- [Instructions to follow]: Look below for the lines from the one with "FA LA LA MERRY" to the one with "Черное тело, белый", and copy exactly those lines, both ends included.

- [Data under study]:
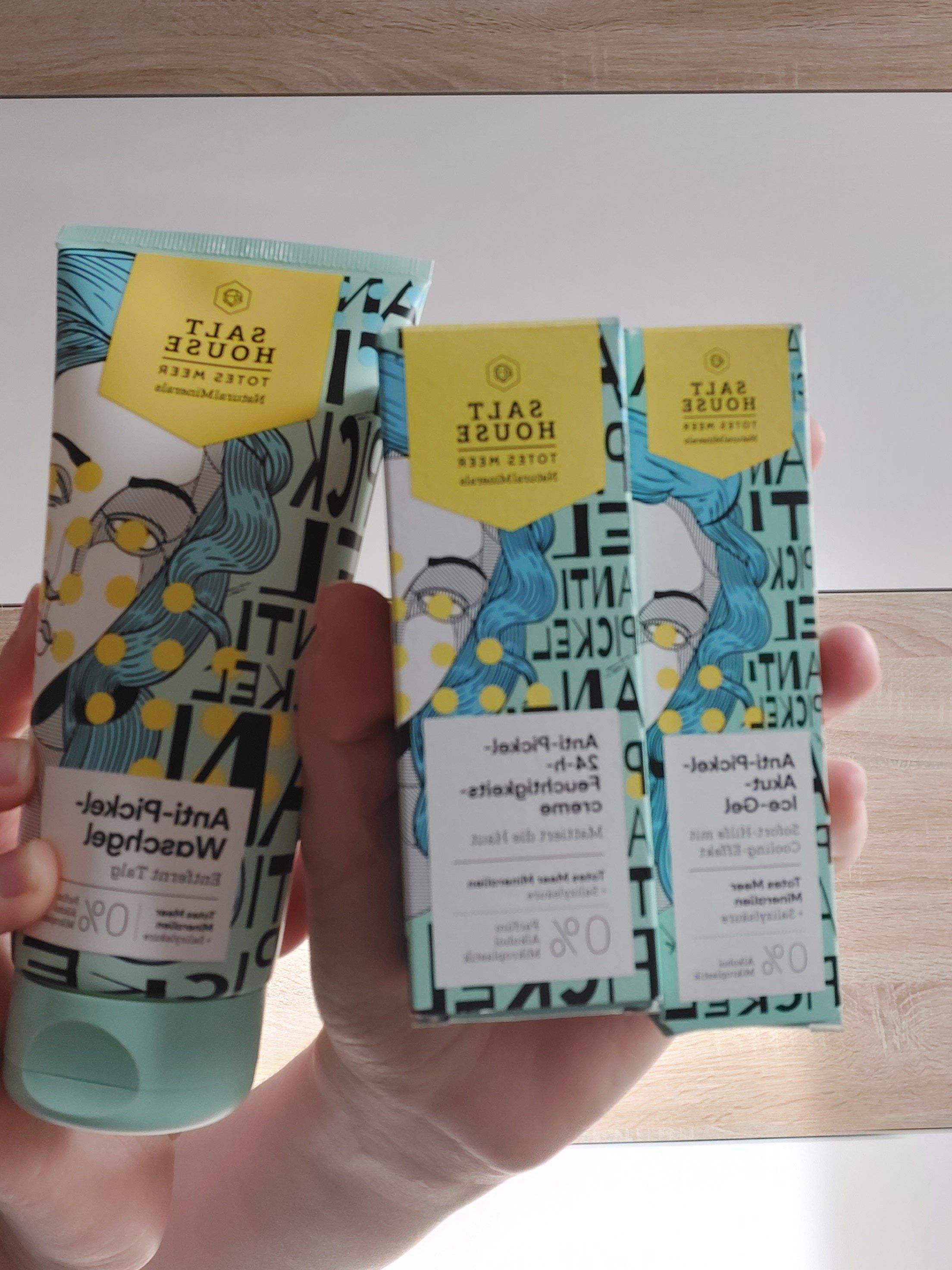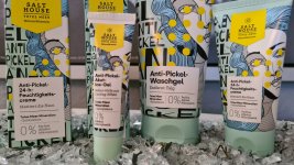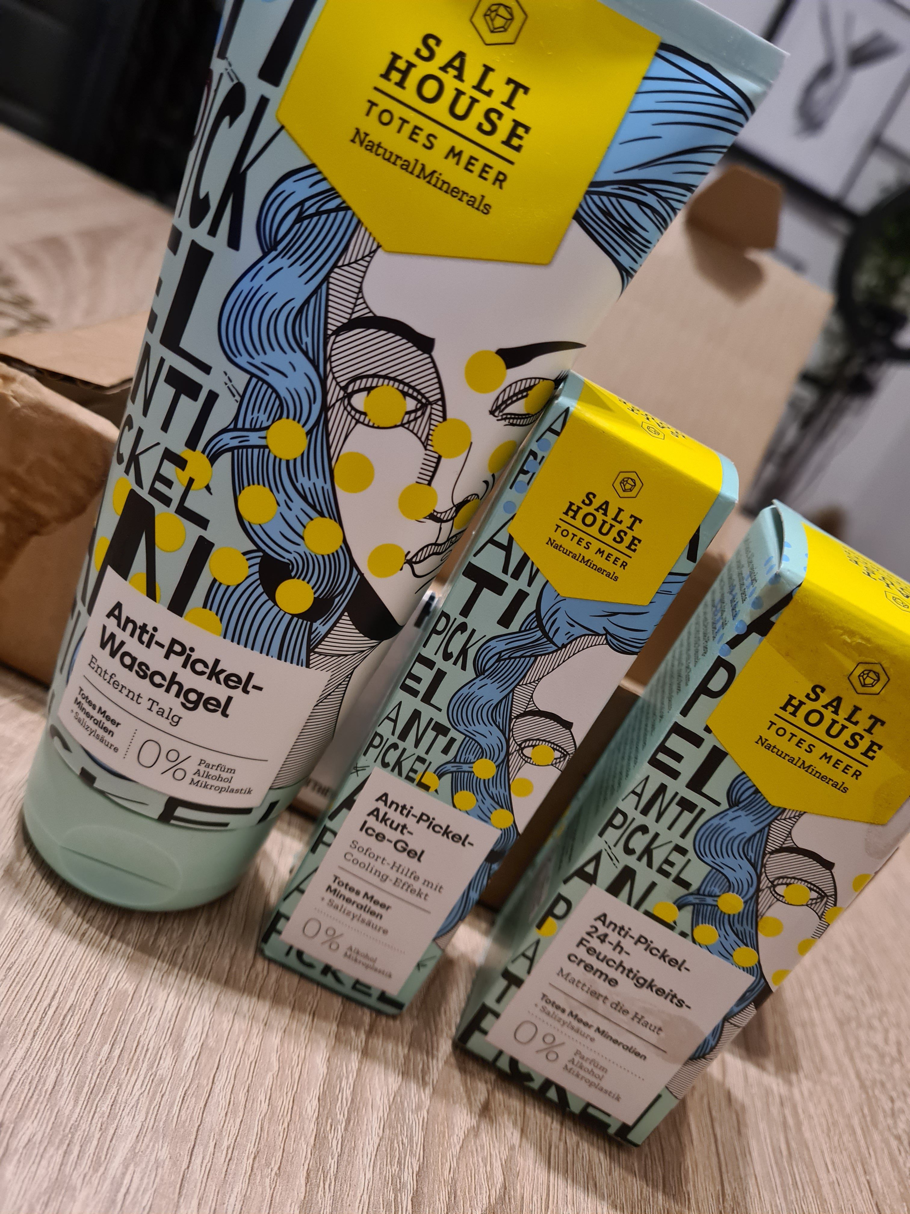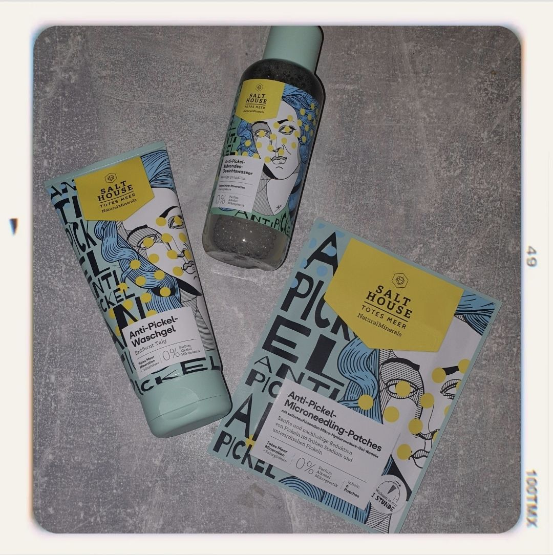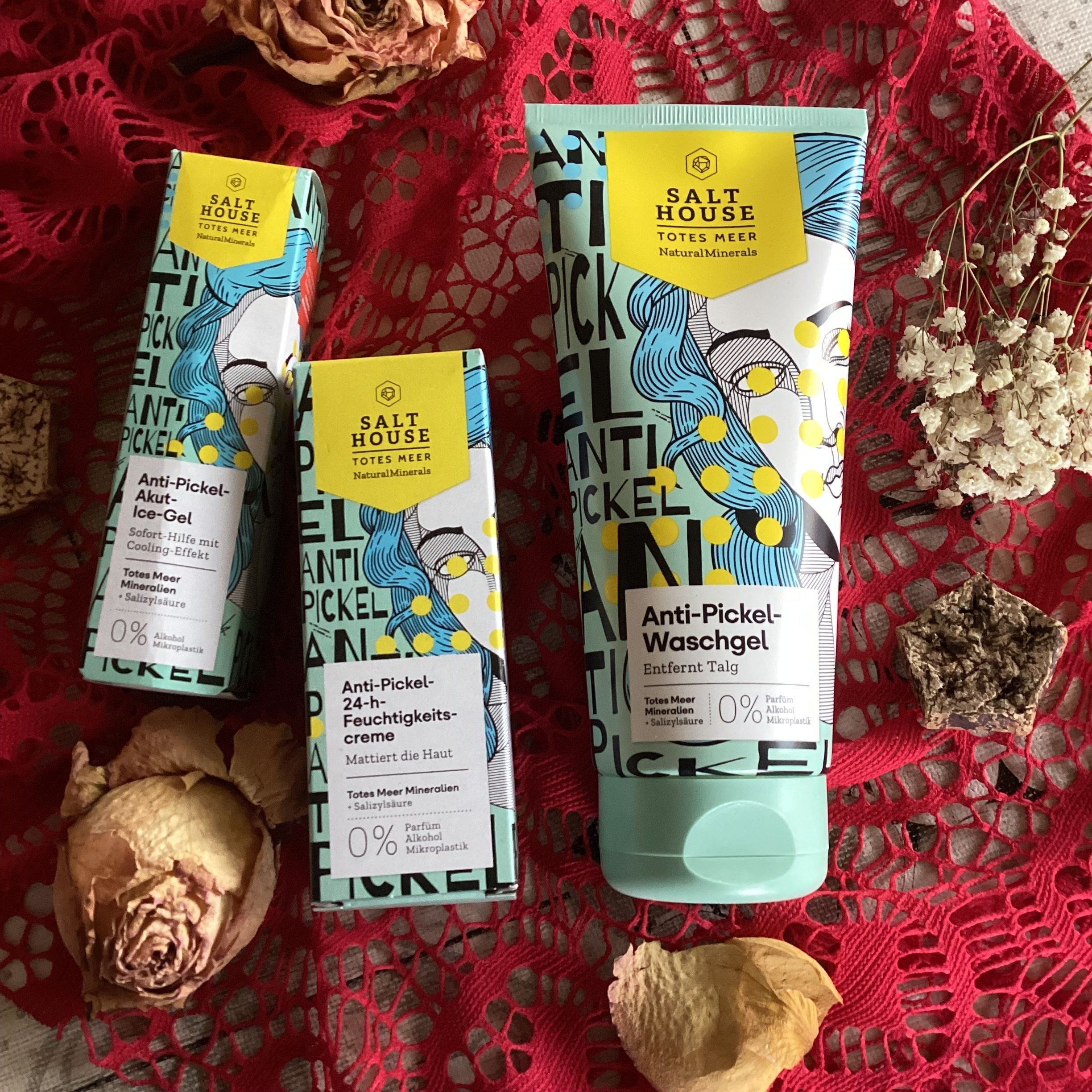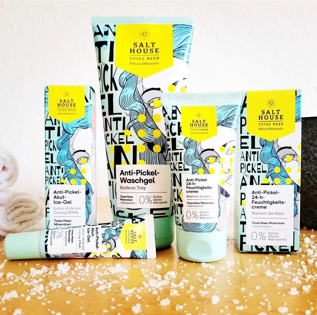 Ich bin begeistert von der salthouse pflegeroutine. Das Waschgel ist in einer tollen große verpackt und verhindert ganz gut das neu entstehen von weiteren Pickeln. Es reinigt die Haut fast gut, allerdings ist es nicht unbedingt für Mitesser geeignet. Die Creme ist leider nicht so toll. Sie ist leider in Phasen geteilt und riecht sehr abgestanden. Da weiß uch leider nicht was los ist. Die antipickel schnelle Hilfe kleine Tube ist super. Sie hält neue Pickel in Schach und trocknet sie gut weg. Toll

==

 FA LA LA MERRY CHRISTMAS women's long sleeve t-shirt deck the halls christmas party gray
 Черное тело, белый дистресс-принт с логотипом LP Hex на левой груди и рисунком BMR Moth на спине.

==

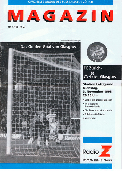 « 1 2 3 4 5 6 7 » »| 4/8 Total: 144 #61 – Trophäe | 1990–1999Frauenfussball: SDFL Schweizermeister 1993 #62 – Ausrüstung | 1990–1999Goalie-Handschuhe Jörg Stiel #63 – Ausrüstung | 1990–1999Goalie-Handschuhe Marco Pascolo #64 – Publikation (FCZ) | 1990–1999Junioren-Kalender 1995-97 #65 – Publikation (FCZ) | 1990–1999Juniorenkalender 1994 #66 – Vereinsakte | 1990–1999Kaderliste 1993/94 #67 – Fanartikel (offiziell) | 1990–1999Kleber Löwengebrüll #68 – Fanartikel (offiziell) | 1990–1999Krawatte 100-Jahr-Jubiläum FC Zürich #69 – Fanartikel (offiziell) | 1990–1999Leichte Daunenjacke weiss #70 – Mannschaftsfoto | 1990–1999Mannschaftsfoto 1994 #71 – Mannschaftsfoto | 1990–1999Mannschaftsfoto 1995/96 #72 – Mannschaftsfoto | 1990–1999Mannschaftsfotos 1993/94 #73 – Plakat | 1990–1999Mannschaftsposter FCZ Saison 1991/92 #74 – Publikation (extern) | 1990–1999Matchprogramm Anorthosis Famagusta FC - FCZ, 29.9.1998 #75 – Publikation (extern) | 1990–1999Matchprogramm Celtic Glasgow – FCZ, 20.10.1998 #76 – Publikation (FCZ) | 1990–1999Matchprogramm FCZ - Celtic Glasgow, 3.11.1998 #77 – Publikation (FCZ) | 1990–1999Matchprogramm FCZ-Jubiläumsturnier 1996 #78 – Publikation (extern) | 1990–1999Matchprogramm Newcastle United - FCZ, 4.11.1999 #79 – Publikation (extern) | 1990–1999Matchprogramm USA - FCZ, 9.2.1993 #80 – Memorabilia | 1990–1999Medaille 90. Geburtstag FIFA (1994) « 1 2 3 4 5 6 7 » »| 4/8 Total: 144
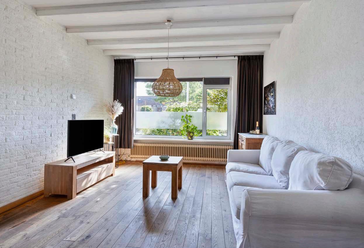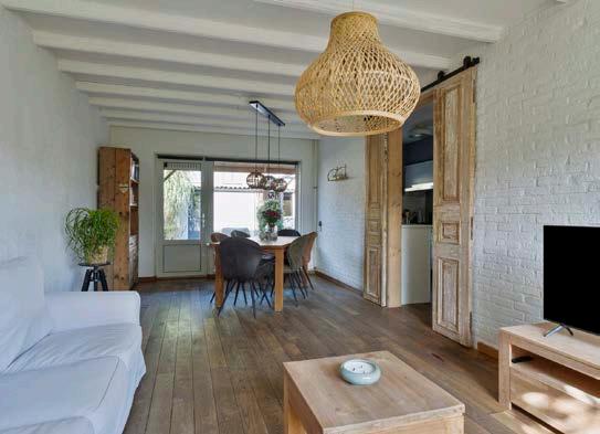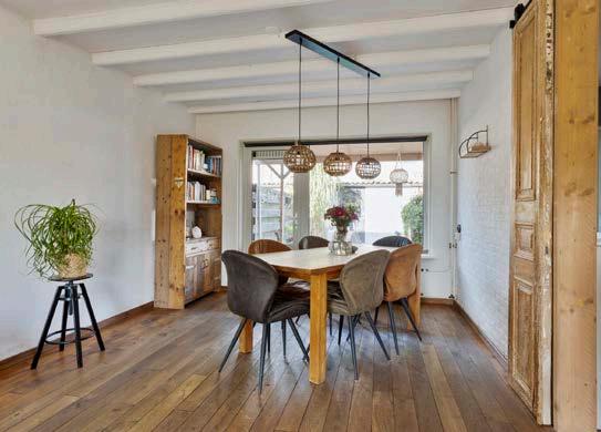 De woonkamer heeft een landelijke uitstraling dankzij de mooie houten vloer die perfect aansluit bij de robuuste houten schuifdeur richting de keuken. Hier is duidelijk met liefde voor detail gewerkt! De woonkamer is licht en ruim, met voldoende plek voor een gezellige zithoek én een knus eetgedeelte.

- [Exercise result]:
 FA LA LA MERRY CHRISTMAS women's long sleeve t-shirt deck the halls christmas party gray
 Черное тело, белый дистресс-принт с логотипом LP Hex на левой груди и рисунком BMR Moth на спине.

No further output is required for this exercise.